§ Work task
Word for word, restate all the records; images are not part of the copy.
___
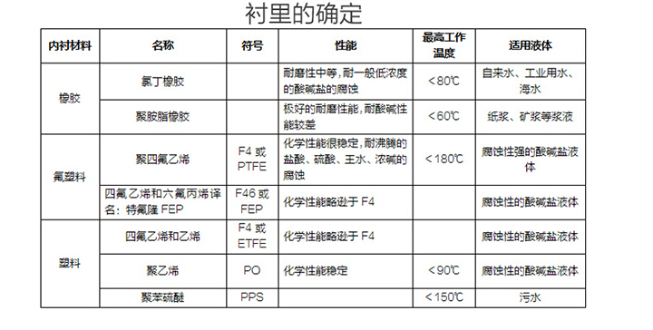襯里材料:氯丁橡膠(CR),聚全氟乙丙烯F46(FEP),聚四氟乙烯(PTFE),聚氨酯橡膠(PU),
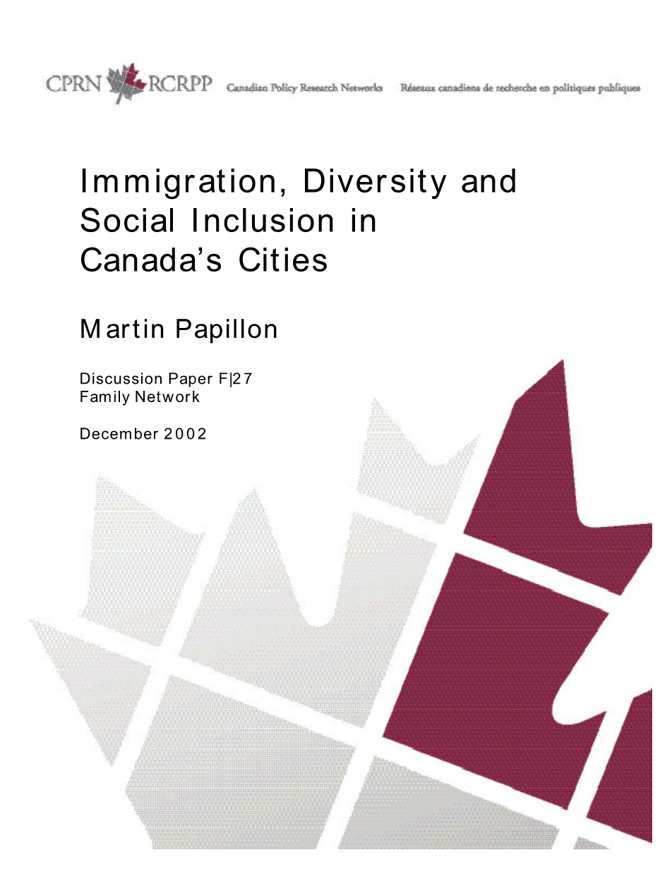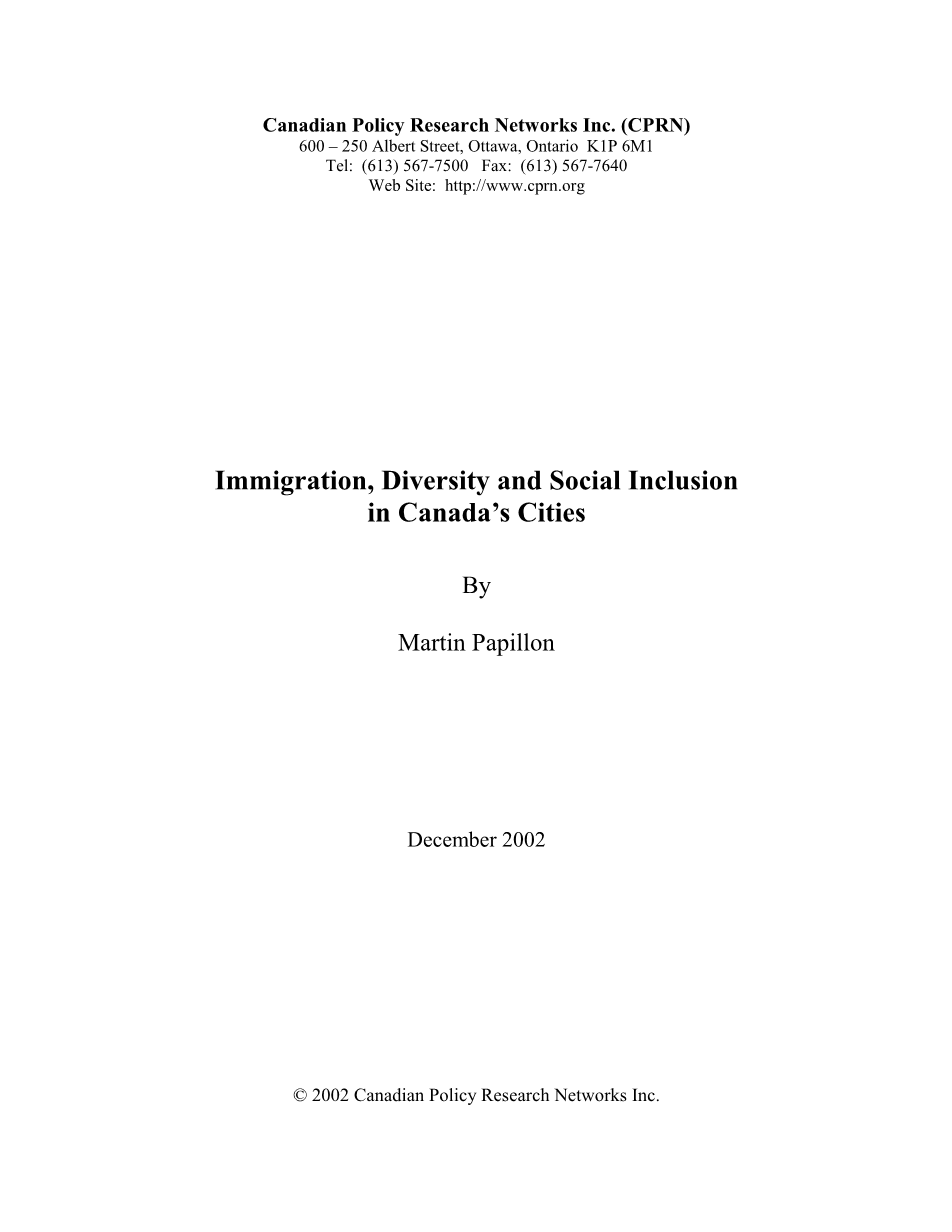 单位:Canadian Policy Research Networks Inc. (CPRN)
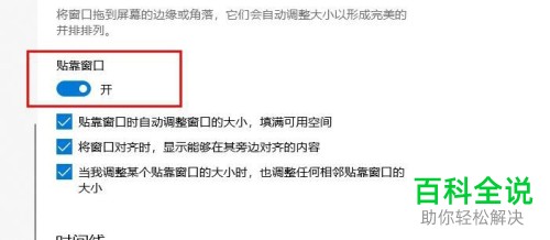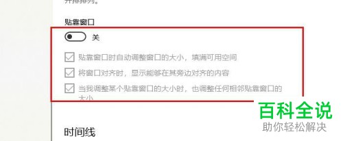 6. 第六步,在下圖所示的頁面中,可以看到貼靠窗口下面的開關變成了灰色,也成功關閉了Aero Snap功能。
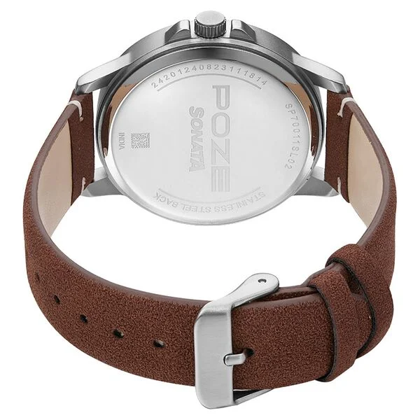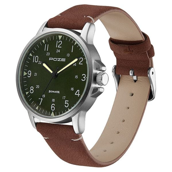 Poze by Sonata Quartz Analog Green Dial PU Leather Strap Watch for Men
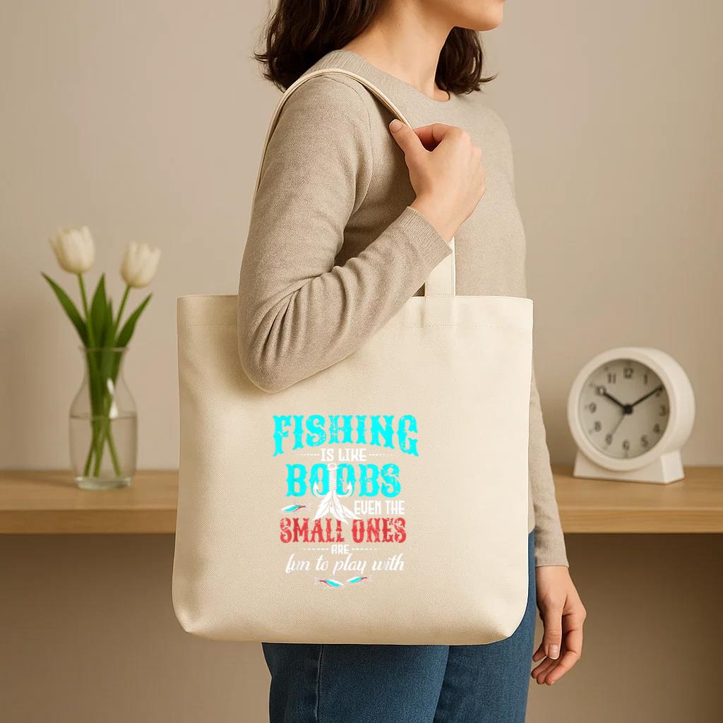 Chic, durable, and reusable , this Fishing Like Boobs Small Ones Are Fun To Play Canvas Tote Bag Canvas Tote Bag is your daily go-to or a thoughtful gift for any occasion.
___
§ Response to this task
襯里材料:氯丁橡膠(CR),聚全氟乙丙烯F46(FEP),聚四氟乙烯(PTFE),聚氨酯橡膠(PU),
 单位:Canadian Policy Research Networks Inc. (CPRN)
 6. 第六步,在下圖所示的頁面中,可以看到貼靠窗口下面的開關變成了灰色,也成功關閉了Aero Snap功能。
 Poze by Sonata Quartz Analog Green Dial PU Leather Strap Watch for Men
 Chic, durable, and reusable , this Fishing Like Boobs Small Ones Are Fun To Play Canvas Tote Bag Canvas Tote Bag is your daily go-to or a thoughtful gift for any occasion.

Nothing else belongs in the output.